**DATA SHOWN:**
☆ ☆ ☆
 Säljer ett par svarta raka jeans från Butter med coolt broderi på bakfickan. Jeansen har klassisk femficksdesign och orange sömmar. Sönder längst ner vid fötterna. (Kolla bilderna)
☆ ☆ ☆
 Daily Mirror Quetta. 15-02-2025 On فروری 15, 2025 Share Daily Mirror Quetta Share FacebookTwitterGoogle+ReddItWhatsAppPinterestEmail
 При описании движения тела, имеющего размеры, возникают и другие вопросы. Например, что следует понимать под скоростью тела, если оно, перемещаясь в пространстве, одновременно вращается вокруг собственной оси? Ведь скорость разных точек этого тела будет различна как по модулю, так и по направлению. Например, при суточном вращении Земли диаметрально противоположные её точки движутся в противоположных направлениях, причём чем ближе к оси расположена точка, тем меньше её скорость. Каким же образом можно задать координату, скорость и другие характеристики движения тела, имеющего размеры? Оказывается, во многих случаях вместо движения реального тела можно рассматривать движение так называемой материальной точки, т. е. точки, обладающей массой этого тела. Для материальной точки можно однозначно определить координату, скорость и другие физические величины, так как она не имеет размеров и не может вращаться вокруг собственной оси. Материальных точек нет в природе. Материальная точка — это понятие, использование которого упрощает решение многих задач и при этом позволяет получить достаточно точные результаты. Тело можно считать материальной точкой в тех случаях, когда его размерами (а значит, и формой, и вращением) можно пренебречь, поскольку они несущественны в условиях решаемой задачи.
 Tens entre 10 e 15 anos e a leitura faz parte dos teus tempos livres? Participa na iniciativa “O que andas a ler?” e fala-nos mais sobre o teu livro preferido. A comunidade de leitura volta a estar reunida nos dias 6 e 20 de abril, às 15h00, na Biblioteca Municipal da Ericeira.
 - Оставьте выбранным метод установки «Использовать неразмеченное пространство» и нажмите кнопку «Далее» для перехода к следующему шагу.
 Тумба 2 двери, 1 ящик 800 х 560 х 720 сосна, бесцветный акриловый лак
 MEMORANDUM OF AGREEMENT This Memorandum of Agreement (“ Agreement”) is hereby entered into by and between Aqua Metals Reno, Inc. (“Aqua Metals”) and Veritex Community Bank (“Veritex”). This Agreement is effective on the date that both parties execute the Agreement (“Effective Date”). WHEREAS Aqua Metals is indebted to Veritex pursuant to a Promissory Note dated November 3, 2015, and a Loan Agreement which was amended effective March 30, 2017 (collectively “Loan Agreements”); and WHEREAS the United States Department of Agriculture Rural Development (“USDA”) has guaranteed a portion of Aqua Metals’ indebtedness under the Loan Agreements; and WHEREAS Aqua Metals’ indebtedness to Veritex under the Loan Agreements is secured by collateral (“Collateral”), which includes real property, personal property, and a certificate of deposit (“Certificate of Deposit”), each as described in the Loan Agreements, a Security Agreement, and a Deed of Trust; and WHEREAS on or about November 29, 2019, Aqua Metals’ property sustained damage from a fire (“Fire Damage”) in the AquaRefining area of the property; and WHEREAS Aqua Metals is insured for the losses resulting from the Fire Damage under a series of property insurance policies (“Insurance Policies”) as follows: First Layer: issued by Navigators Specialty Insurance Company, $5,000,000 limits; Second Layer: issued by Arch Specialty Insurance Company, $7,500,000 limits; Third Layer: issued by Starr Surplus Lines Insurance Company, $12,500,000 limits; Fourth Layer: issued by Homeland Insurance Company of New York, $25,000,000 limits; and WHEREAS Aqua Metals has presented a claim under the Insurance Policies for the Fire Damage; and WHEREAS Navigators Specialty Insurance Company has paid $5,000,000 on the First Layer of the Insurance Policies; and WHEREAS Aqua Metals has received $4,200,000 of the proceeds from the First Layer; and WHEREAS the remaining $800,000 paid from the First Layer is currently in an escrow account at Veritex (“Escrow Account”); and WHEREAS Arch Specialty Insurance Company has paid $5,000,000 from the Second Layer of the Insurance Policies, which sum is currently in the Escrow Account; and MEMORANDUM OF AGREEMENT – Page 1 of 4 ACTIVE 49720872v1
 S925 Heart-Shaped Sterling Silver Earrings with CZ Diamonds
☆ ☆ ☆
**YOUR TASK:** Everything above from the line with "Tens entre 10" to the line with "Тумба 2 двери, 1", both included, must be repeated exactly, and nothing outside that range.

**COMPLETED TASK:**
 Tens entre 10 e 15 anos e a leitura faz parte dos teus tempos livres? Participa na iniciativa “O que andas a ler?” e fala-nos mais sobre o teu livro preferido. A comunidade de leitura volta a estar reunida nos dias 6 e 20 de abril, às 15h00, na Biblioteca Municipal da Ericeira.
 - Оставьте выбранным метод установки «Использовать неразмеченное пространство» и нажмите кнопку «Далее» для перехода к следующему шагу.
 Тумба 2 двери, 1 ящик 800 х 560 х 720 сосна, бесцветный акриловый лак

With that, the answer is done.